DATASET RECORDS
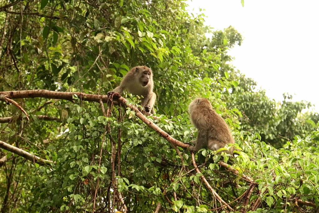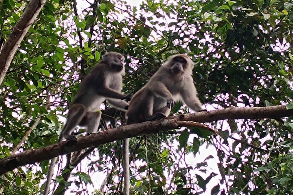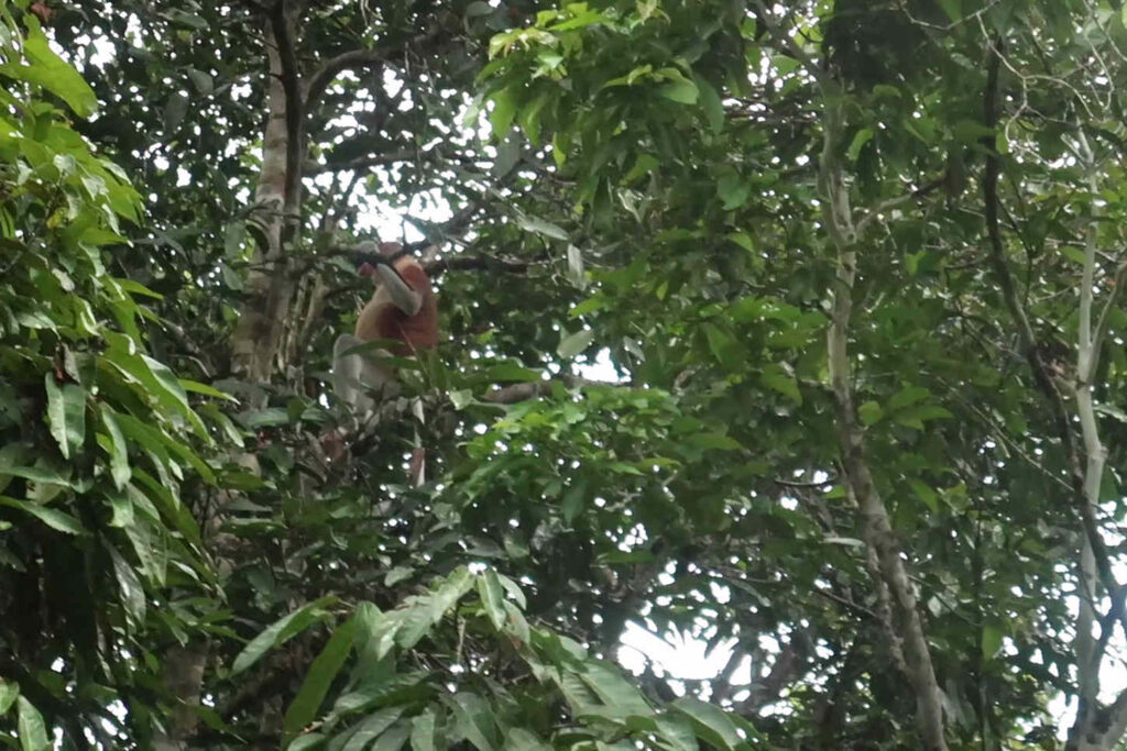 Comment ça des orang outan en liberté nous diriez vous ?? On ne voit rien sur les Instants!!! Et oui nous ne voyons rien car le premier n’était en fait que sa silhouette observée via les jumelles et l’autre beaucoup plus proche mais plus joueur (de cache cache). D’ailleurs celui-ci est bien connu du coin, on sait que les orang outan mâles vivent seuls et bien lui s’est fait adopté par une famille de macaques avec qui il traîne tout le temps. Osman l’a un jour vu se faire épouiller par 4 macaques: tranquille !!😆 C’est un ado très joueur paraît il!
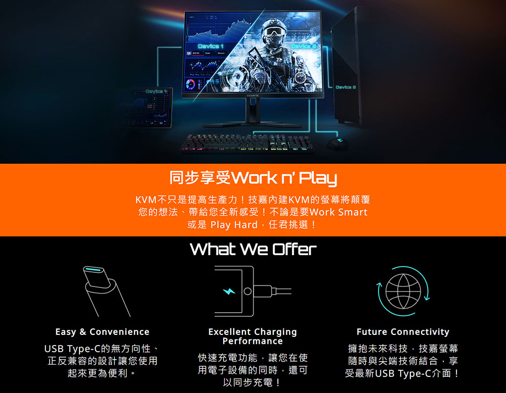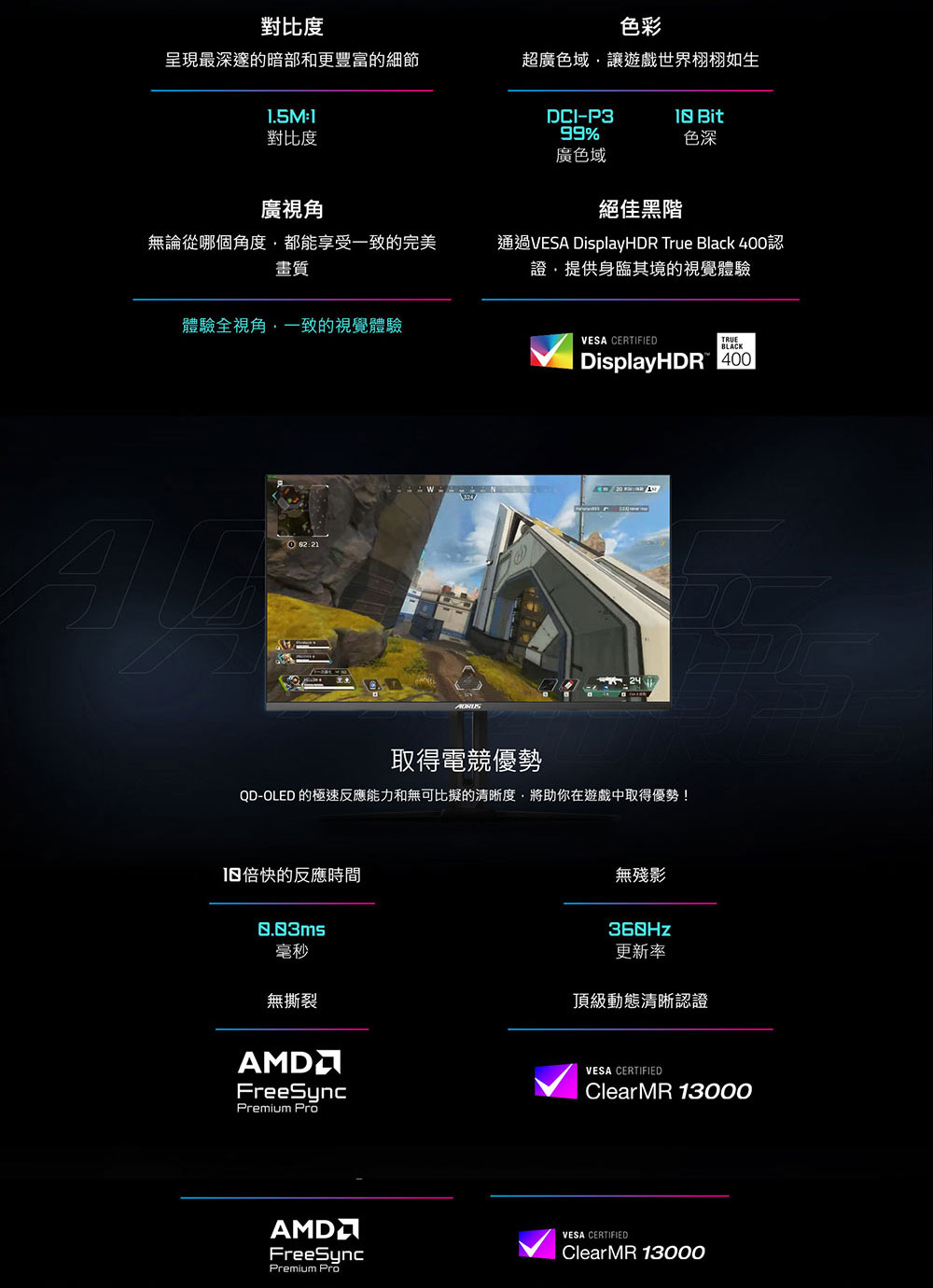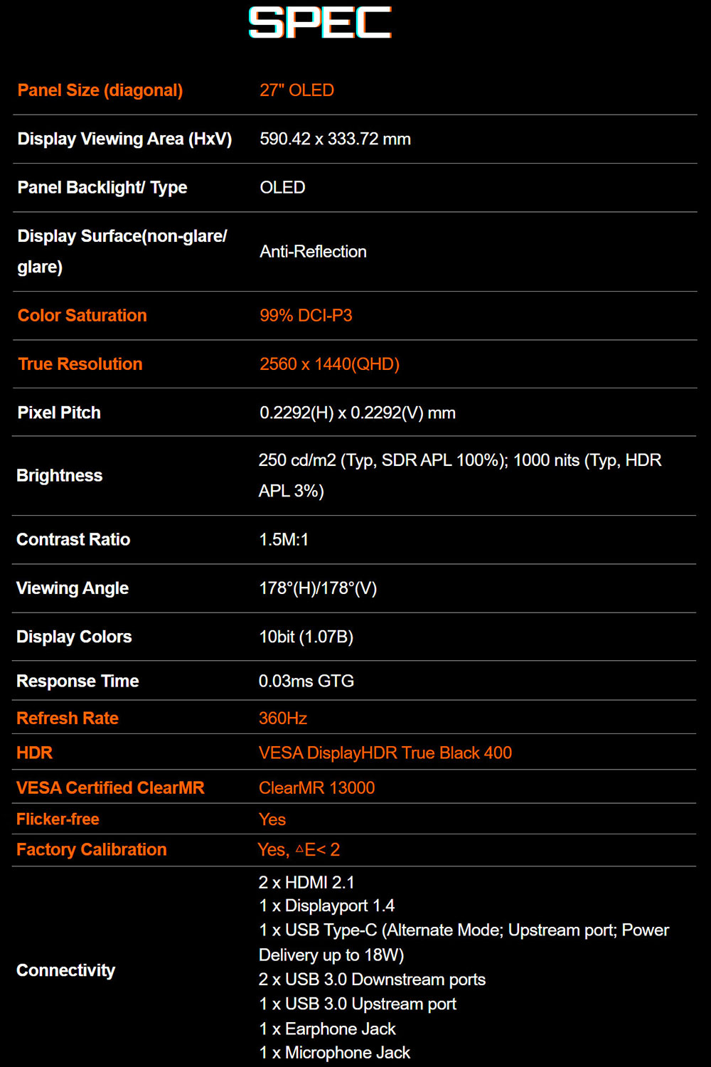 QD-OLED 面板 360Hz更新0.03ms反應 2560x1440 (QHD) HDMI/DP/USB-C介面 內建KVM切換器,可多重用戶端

--

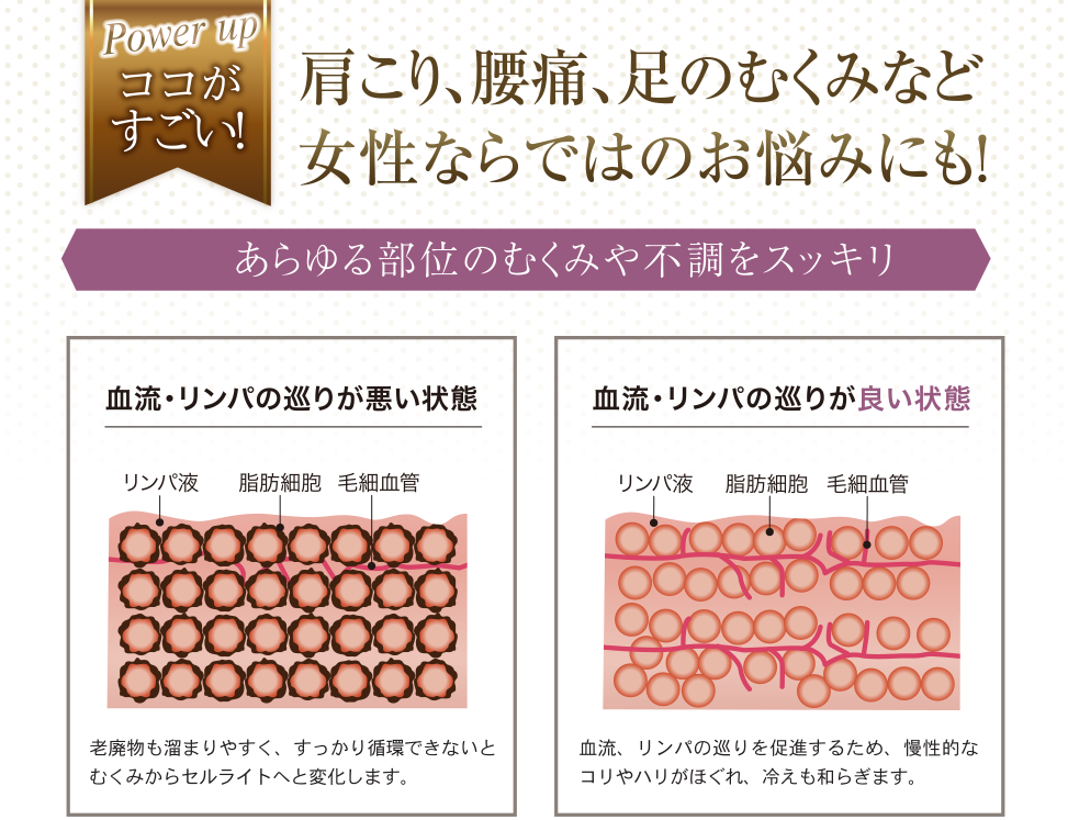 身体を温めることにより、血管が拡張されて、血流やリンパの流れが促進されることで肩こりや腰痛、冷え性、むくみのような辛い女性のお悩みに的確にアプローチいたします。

REQUIRED ACTION
The answer is the lines of the material above, from the one containing "Comment ça des" down to the one containing "QD-OLED 面板 360Hz更新0.03ms反應", given exactly and without images.

THE COMPLETED TASK
 Comment ça des orang outan en liberté nous diriez vous ?? On ne voit rien sur les Instants!!! Et oui nous ne voyons rien car le premier n’était en fait que sa silhouette observée via les jumelles et l’autre beaucoup plus proche mais plus joueur (de cache cache). D’ailleurs celui-ci est bien connu du coin, on sait que les orang outan mâles vivent seuls et bien lui s’est fait adopté par une famille de macaques avec qui il traîne tout le temps. Osman l’a un jour vu se faire épouiller par 4 macaques: tranquille !!😆 C’est un ado très joueur paraît il!
 QD-OLED 面板 360Hz更新0.03ms反應 2560x1440 (QHD) HDMI/DP/USB-C介面 內建KVM切換器,可多重用戶端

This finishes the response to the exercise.